La libertà politica, sottoponendo a tutti i cittadini, senza eccezioni, la tutela e la valutazione dei loro interessi più sacri, amplia il loro spirito, nobilita i loro pensieri, e stabilisce fra di loro un genere di uguaglianza intellettuale che costituisce la gloria e il potere di un popolo. Guardate dunque come una nazione cresca con la prima istituzione che le restituisca l’esercizio regolare della libertà politica. Guardate i nostri concittadini di ogni classe e di ogni professione, come emergono dalla sfera dei loro soliti lavori e della loro privata industria, per trovarsi immediatamente al livello di importanti funzioni che le costituzioni conferiscono loro, e scegliere con discernimento, resistere con energia, sfidare le minacce, resistere nobilmente agli allettamenti. Guardate come un puro, profondo e sincero patriottismo trionfi nelle nostre città, resusciti i nostri più piccoli villaggi, pervada le nostre botteghe, ravvivi la nostra campagna, penetri gli spiriti giusti e onesti dei validi contadini e degli attivi commercianti con un senso dei propri diritti e della necessità di salvaguardarli; costoro, ammaestrati dalla serie di mali che hanno dovuto soffrire, e non meno consapevoli dei rimedi che tali mali richiedono, afferranno con un solo sguardo la Francia tutta, e, compiendo come nazione un atto di gratitudine, ripagano con il loro suffragio, dopo trenta anni, la fedeltà ai princìpi incarnati dal più illustre difensore della libertà [Monsieur de Lafayette, deputato della Sarthe].

Pertanto, Signori, lungi dal rinunciare all’una o all’altra delle due forme di libertà che vi ho descritto, è necessario, come vi ho mostrato, imparare a combinarle insieme. Le istituzioni … devono realizzare il destino della razza umana; esse possono conseguire il loro scopo al meglio se innalzano il maggior numero possibile di cittadini alla posizione morale più elevata.

L’opera del legislatore non è completa se egli ha semplicemente recato la pace alla gente.

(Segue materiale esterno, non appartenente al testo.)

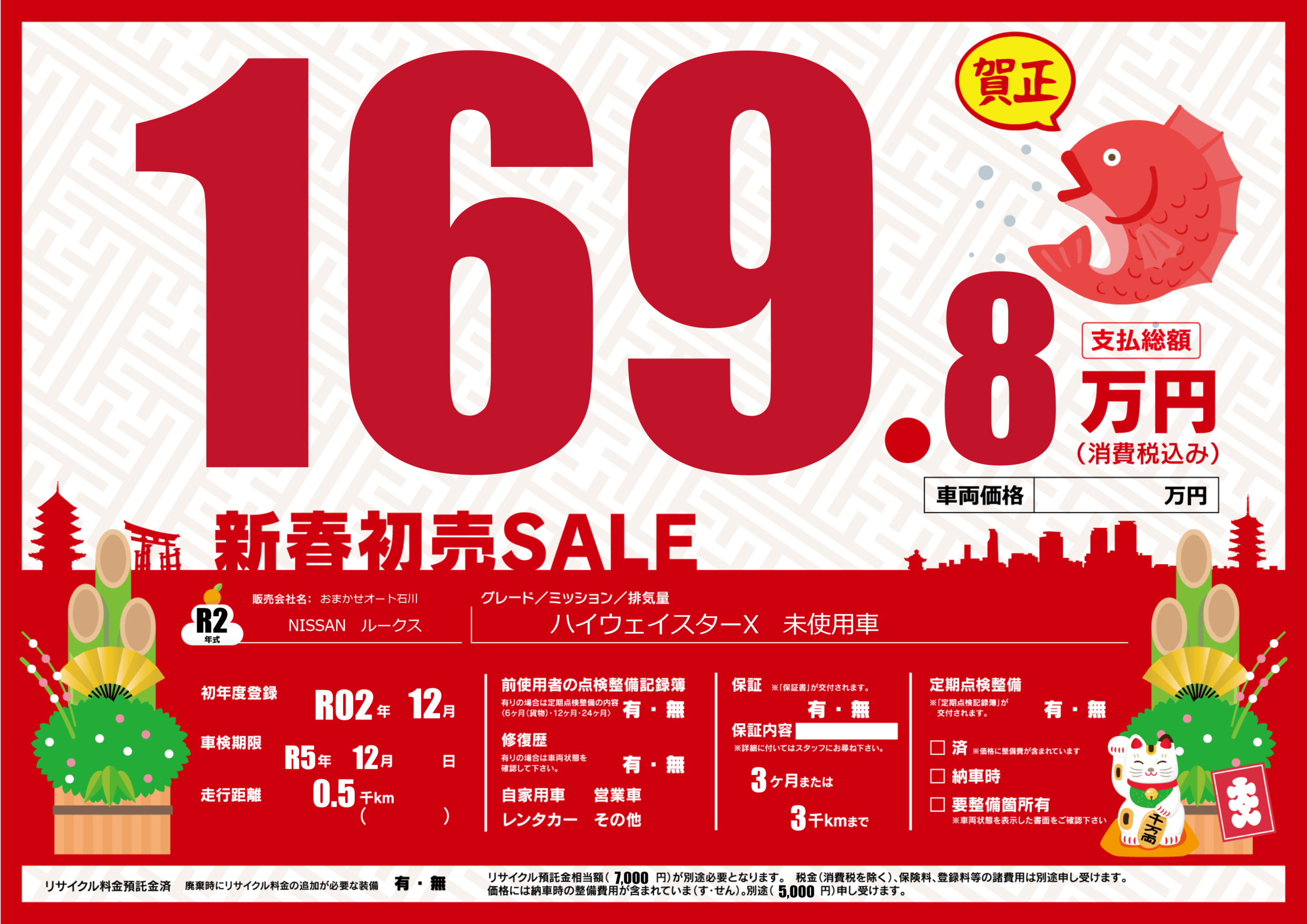 | 車検制限 | R5年 12月 - 日 | ||

Perfino quando il popolo è soddisfatto, c’è ancora molto da fare. Le istituzioni devono conseguire l’educazione morale dei cittadini. Rispettando i loro diritti individuali, assicurandone l’indipendenza, astenendosi dal turbare il loro lavoro, esse devono nondimeno proteggere come cosa sacra l’influenza che costoro esercitano sulle faccende pubbliche, chiedendo loro di contribuire con il loro voto all’esercizio del potere, garantendo loro il diritto di controllo e supervisione mediante l’espressione delle loro opinioni; e, formandoli per queste elevate funzioni tramite la pratica, dare loro tanto il desiderio quanto il diritto di eseguirle.